With advanced options enabled, you can use sp_configure to set the threshold like this:

EXECUTE sp_configure 'cost threshold for parallelism', 5;
RECONFIGURE;

The example above sets the theshold value to 5 (which is the default for new SQL Server instances), meaning that queries that are cheaper than that will always run serially. This value can be important when tuning loads on the server level – a lower value means that more queries will be considered for parallelization; a higher value means that a larger portion of your workload will run serially. The threshold is important to be aware of with regards to different types of server workloads. Without going into details, you could generally say that server loads can be illustrated with two extremes:

A high-load OLTP server with a large number of simultaneously active users, running relatively inexpensive queries may benefit significantly from a greater amount of serial queries. This is primarily because many concurrent users means many simultaneous processes, so you’ll want to reduce the number of CPU threads for each process in order to be able to server more users at the same time.

A datawarehouse with fewer users running more expensive queries, on the other hand, should probably use a significant amount of parallelization when available because the worloads are fewer but heavier.

Some SQL Server experts will argue that you should completely disable parallelism on OLTP servers for the reason stated above.
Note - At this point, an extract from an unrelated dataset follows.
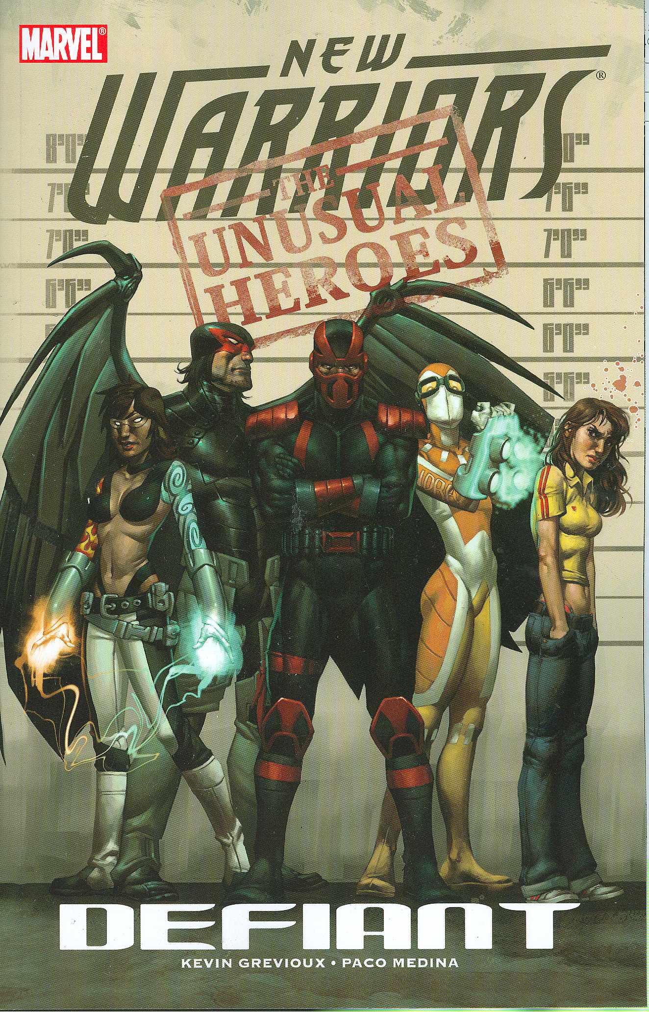 Written by KEVIN GREVIOUX Penciled by PACO MEDINA Cover by NIC KLEIN Someone is gift-wrapping super-villains for the police. Someone is defacing Super Human Registration posters. Someone is raising eyebrows all around town - from City Hall to Tony Stark's war chamber. And the only clue to their identity...two spray-painted letters: N.W. Who are these mysterious young upstarts that have dared to fight the powers-that-be? And what do they want from a de-powered mutant named Sofia? Are the New Warriors truly back from the dead? Or has something new risen from the ashes of Stamford? Collecting NEW WARRIORS #1-6. PRODUCT UPDATE (111407): Originally solicted as New Warriors: Next Right Thing, this volume will be entitled New Warriors: Defiant.
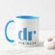 Celebrate professional achievements in style with this sleek and modern "dr" mug, featuring bold typography and a customisable name beneath. The sophisticated blue and white design, accented with a contrasting blue interior and handle, makes it a perfect gift for doctors, PhDs, or anyone with a well-deserved title. Whether for a graduation, promotion, or just as a thoughtful token of recognition, this personalised mug is a chic and meaningful way to honor hard work and success. 💡 How to Customise: - Click "Personalise this template" to add the name. - Want more changes? Choose "Edit using Design Tools" to adjust font type, colour, or layout.

I personally think that this is drastic – using the cost threshold setting allows you to more finely tune which queries get a boost from parallelization and which do not.

Max degree of parallelism

You can also configure the maximum number of threads that the server is allowed to use in a parallel plan, known as the “degree of parallelism”. You can do this on the server level, again using sp_configure:

EXECUTE sp_configure 'max degree of parallelism', 5;
RECONFIGURE;

… or you can add a query hint to the individual query, giving you a greater amount of control.

SELECT something
FROM someTable
OPTION (MAXDOP 4) --- Allow up to four parallel threads

The most common use for the MAXDOP setting (server-wide and “locally”) is to force a serial plan, by specifying MAXDOP 1.
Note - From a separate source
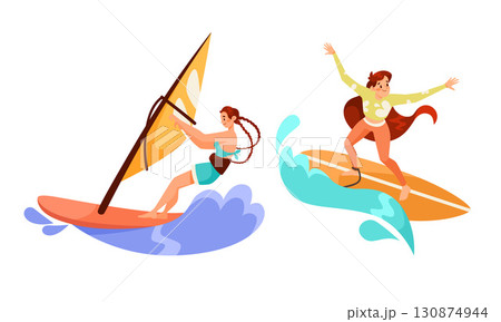 People surfing and windsurfing, set of cartoon characters isolated on white, vector illustration

Operators that can only be run serially

Some operations cannot be run in parallel in SQL Server. This is normally because a particular operation couldn’t logically (or realistically) run in parallel, but sometimes, like indexing, it’s a matter of Microsoft wanting more of your money for their premium features. Compiling a list of these operations is difficult, partly because of lacking documentation, partly because this information changes from version to version (sometimes even between service packs).
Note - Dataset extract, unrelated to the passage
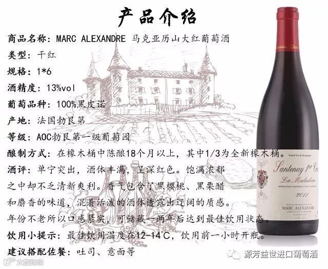 品酒师推荐:马克亚历山大红葡萄酒酒体丰满呈深红色,单宁突出,饱满浓郁之中却又不乏清新爽利。香气包含了黑樱桃、黑醋栗和麝香的味道,混着活泼的酒体透露出辽阔的质感。建议搭配佐餐吐司、意面等。

An important part of tuning high-performance queries, however, is understanding which operations are performed serially and trying to eliminate those from your query where possible. I found the following examples by googling the web, most notably from a blog post by SQL Server MVP Paul White.

Some operations will affect the entire query plan, meaning that just a single operator that can’t be parallelized will make the entire plan turn serial. For example:

INSERT, UPDATE and DELETE on table variables – use regular temporary tables instead of table variables where possible.
User-defined scalar functions – these are really tricky to get good performance from in the first place, but they will also make your plan serial.
References to system tables and DMVs.
Recursive common table expressions – the very nature of a recursion forces it to run in a single thread. The optimizer cannot determine at compile-time how to partition the data streams so that all recursions within a CTE happen in the same stream.
Any operation referencing in-memory tables – there are lots and lots of things in-memory tables just won’t do in SQL Server 2014. Parallelization is one of them.
CLR code that is allowed “data access”.
Inline table UPDATE (which isn’t a supported feature, anyway) because parallelization would potentially create inconsistensies in the ordering of the table. Just like with the recursive CTEs, SQL Server cannot guarantee that the streams are correctly partitioned, and sometimes it wouldn’t be theoretically possible at all.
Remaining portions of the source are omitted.